Charlie Brooker in The Guardian


I shan't be watching the new show he goes on to describe...

Oh dear...

... in earlier years (when I could afford the train tickets) I used to take Junior along with me up to London on my usual round of bookshops. He would accompany me while Christa tended to do more of the touristy things. I even used to wear a ridiculous red and white bobble hat (or worse) to make sure Peter could easily see me in what probably seemed to a youngster like oceans of milling humanity. Apart from occasional visits to him in his Battersea flat when Christa was still able to drive, I've not been to London for a decade or so (see the insidious effect of outfits like "Amazon"?) — since he became a student, in fact.

One of my must-see places was Maxim Jakubowski's Murder One. Note the use of the past tense. The basement was an SF treasure trove1 while upstairs held the bulk of the late Donald E Westlake's oeuvre.
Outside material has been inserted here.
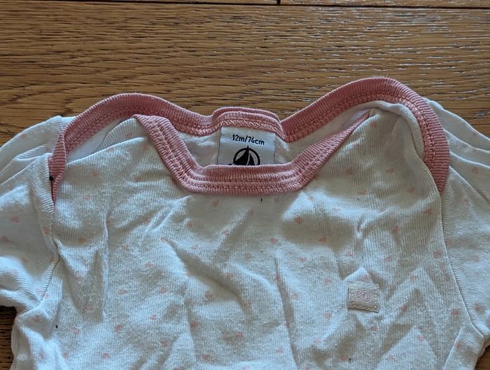 Body blanc avec motifs pois rose Petit bateau taille 12 mois Porté mais bon état #maevafille12mois

While browsing the Wikipedia entry on Martin Van Maele I stumbled across this "Picture of the Year" competition and galleries. There are some stunning images to digest while my second pill has unfettered access to the tum ahead of a (rather late) lunch. I'm getting hungry, dammit!
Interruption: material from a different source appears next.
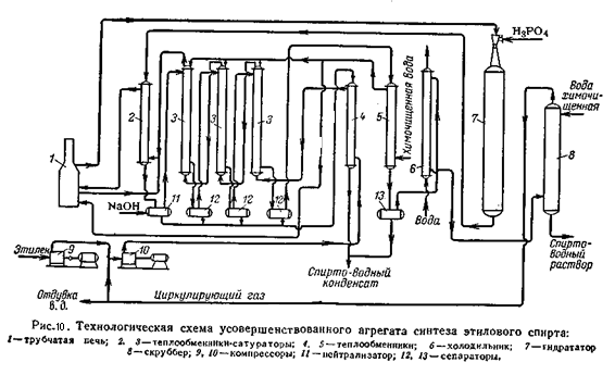 Компримированный этилен после компрессоров 9 и 10 поступают в теплообменник 4, где нагревается до 100 °C конденсатом после теплообменников-сатураторов (180°C). Далее этилен последовательно проходит теплообменники-сатураторы 3, орошаемые конденсатом. Насыщенный водой этилен при 200°C поступает в омеднённый теплообменник-сатуратор 2, а перед входом смешивается с частично испариной химически очищенной водой из теплообменника 5. Смесь при 215°C поступает в трубчатую печь 1, там догревается до 270 - 290°C и направляется в гидрататор 7, работающий в интервале 260 – 300°C. Обратный газ из гидратора проходит омеднённый теплообменник-сатуратор 2, где охлаждается до 240°C, и затем нейтрализуется щелочным раствором спирто-водного конденсата в нейтрализаторе 11; при этом температура снижается до 220 °C. Далее обратный газ последовательно проходит все теплообменники-сатураторы 3 и отделяется от жидкости в сепараторах 12, после чего при 130°C направляется на окончательное охлаждение в теплообменник 5 и холодильник 6 и поступает в скруббер 8 для отмывки спирта. Спирто-водный конденсат из сепараторов поступает в теплообменник 4. Все потоки спирто-водного конденсата и спирто-водный раствор после освобождения от растворённого этилена поступает затем на ректификацию.[2,4]

The spuds and carrots are coming along nicely, the peas will be next, and the chicken breasts are on the starting block. Yum! Meanwhile, there's a cuppa to contend with. I note, with some distaste, that it's only 4C out there. Brrr! And fast approaching 14:53...

Contentedly digesting...

... my tasty meal (followed by the luxury of a single square of dark chocolate[!] and half a pink-fleshed grapefruit) to some pretty sublime musical choices on BBC Radio 3's "World Routes". I've come rather late to this programme — I've been aware of it, but Saturday afternoons with Christa were not often spent in the house. Plus, to be honest, she wasn't keen on what's very loosely called "world" music. She preferred Wagner. An acquired taste,2 if you ask me. But I am always interested to hear music from outside what you could call the Western tradition.

Later that day...

... I've just (20:36) finished dusting and re-assembling the upstairs (study) sound system in time to hear Suzi Quatro's story of putting her band all "on ass watch" to warn her if her split, and hastily gaffer-taped, leather trousers were (as it were) giving way on stage. She's quite a character.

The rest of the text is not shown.